Here, I think the message is intended to belittle. The word "some" implies that computer guys are nothing special -or common. Yet, with the right tone of sarcasm, this phrase can make us feel weird at the same time. Genius! This is a clever double-whammy.
A Computer Guy[Upon entering an office] "Thank goodness a computer guy is finally here... we've needed you for weeks."
In this instance, "a computer guy" is a compliment and probably spoken by a person that was raised with some good home training. It says, "I appreciate what you can do." This sort of welcome often leads to a "real name" introduction.
The Computer Guy
"Are you the computer guy?"
The message in this question is almost always: "I need you to help me unscrew something I've screwed up on my computer and since you are carrying a screwdriver and look "computerish," I'm taking a guess that you can help me."
You Computer Guys
"I don't know how you computer guys know how to do all that crap."

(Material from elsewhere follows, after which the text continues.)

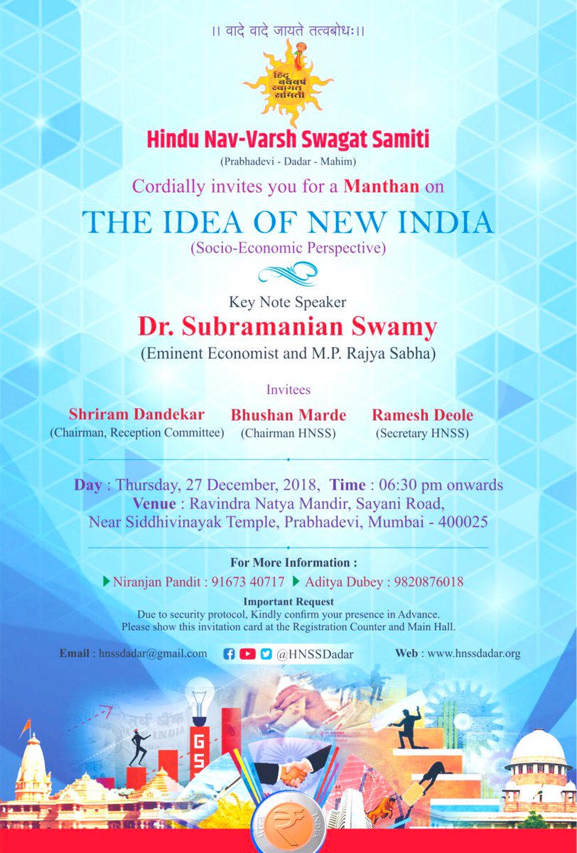 Subramanian Swamy On Twitter I Will Be In Mumbai Today Evening From 6 30 Pm At Ravindra Natya Mandir Prabhadevi Dadar Addressing A Public Meeting On The Idea Of New India Https T Co Kpnblsxqu7 - Required fields are marked *.

Note: It always makes us feel warm inside when people refer to our expertise as "crap." The message couldn't be clearer: "Since I can't learn what you know, I'll degrade it to nurse the wound my 'lack' makes me feel." This message doesn't annoy me anymore because these are the people that buy the most "crap" from me.
Hey Computer Guy
"Hey Computer Guy -I need you over here!"
This message clearly falls into the "my-problem-is-more-important-than-your-name" category. A person that barks such a phrase won't realize that "fetching" a computer guy in this way is usually the longest route to getting help.
I realize that my inferences may be not always be accurate, but my favorite thing in life is when people say one thing and mean something quite different. It's especially fun when my name is ignored altogether. I wish that would happen all the time. I can't get enough. I love it.